Problem details:
Everything below from the line with "2023年3月23日18:3" through the line with "拉脫維亞人正在首都里加(Riga)的廣場慶祝以全民公決的方法決定加入歐盟。" should be copied exactly, and nothing else; leave out the pictures.

Data for analysis section start

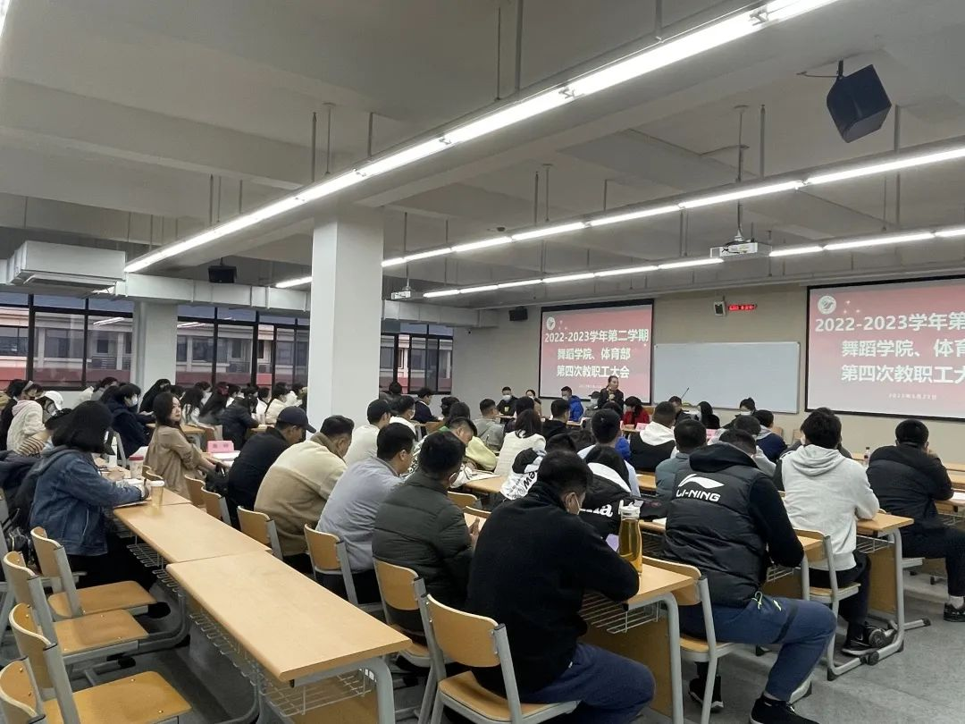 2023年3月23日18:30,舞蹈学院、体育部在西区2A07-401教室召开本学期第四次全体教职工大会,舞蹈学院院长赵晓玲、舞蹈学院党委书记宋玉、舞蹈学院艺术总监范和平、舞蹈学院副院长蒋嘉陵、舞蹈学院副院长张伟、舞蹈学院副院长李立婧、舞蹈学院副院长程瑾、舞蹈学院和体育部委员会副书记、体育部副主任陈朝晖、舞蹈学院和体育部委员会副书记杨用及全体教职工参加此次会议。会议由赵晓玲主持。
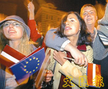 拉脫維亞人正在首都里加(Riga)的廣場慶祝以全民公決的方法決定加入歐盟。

Data for analysis section end
Data for analysis section start

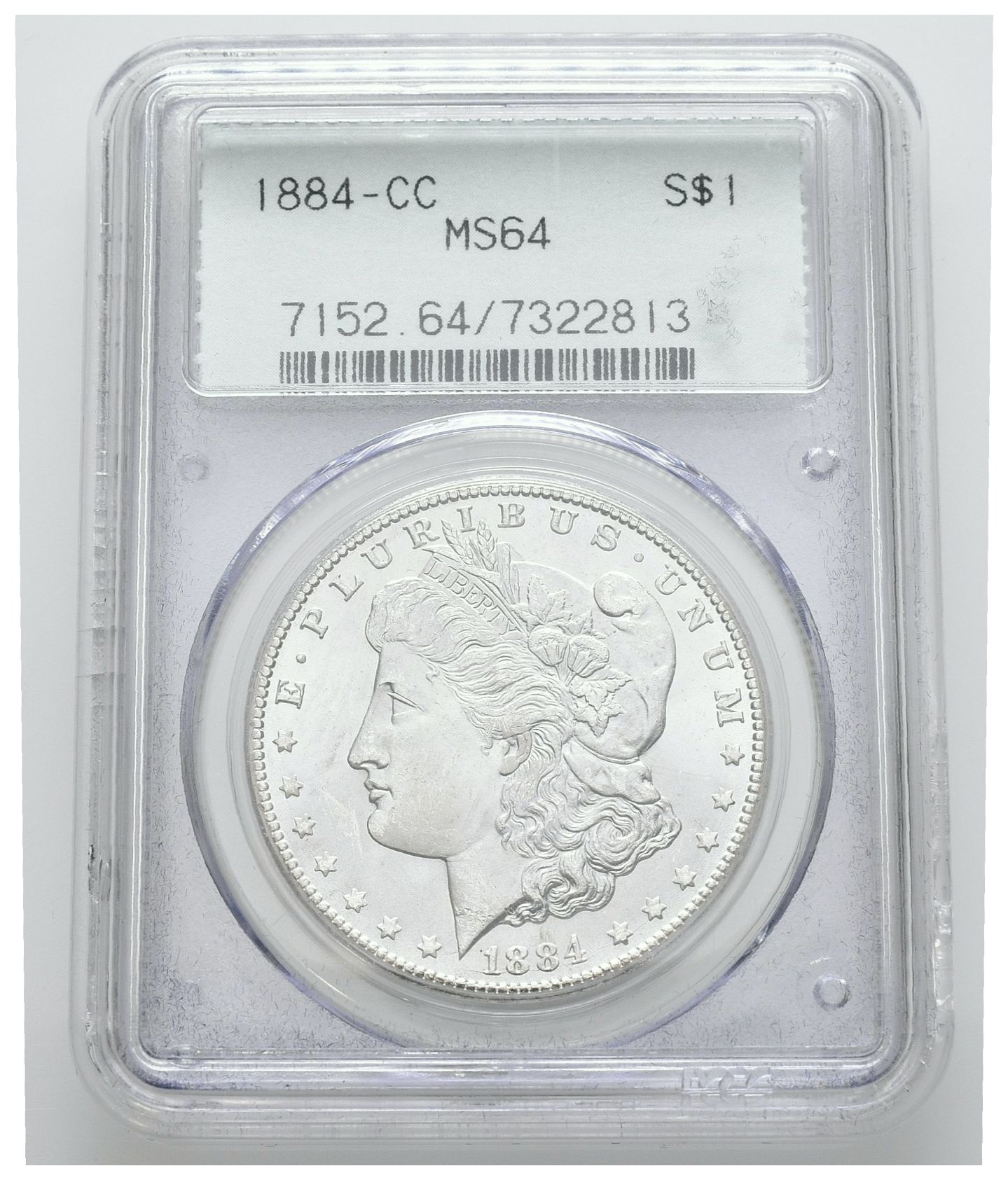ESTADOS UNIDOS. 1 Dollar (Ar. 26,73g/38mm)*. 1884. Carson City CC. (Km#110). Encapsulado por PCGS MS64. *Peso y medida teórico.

Data for analysis section end

Solution for this problem:
 2023年3月23日18:30,舞蹈学院、体育部在西区2A07-401教室召开本学期第四次全体教职工大会,舞蹈学院院长赵晓玲、舞蹈学院党委书记宋玉、舞蹈学院艺术总监范和平、舞蹈学院副院长蒋嘉陵、舞蹈学院副院长张伟、舞蹈学院副院长李立婧、舞蹈学院副院长程瑾、舞蹈学院和体育部委员会副书记、体育部副主任陈朝晖、舞蹈学院和体育部委员会副书记杨用及全体教职工参加此次会议。会议由赵晓玲主持。
 拉脫維亞人正在首都里加(Riga)的廣場慶祝以全民公決的方法決定加入歐盟。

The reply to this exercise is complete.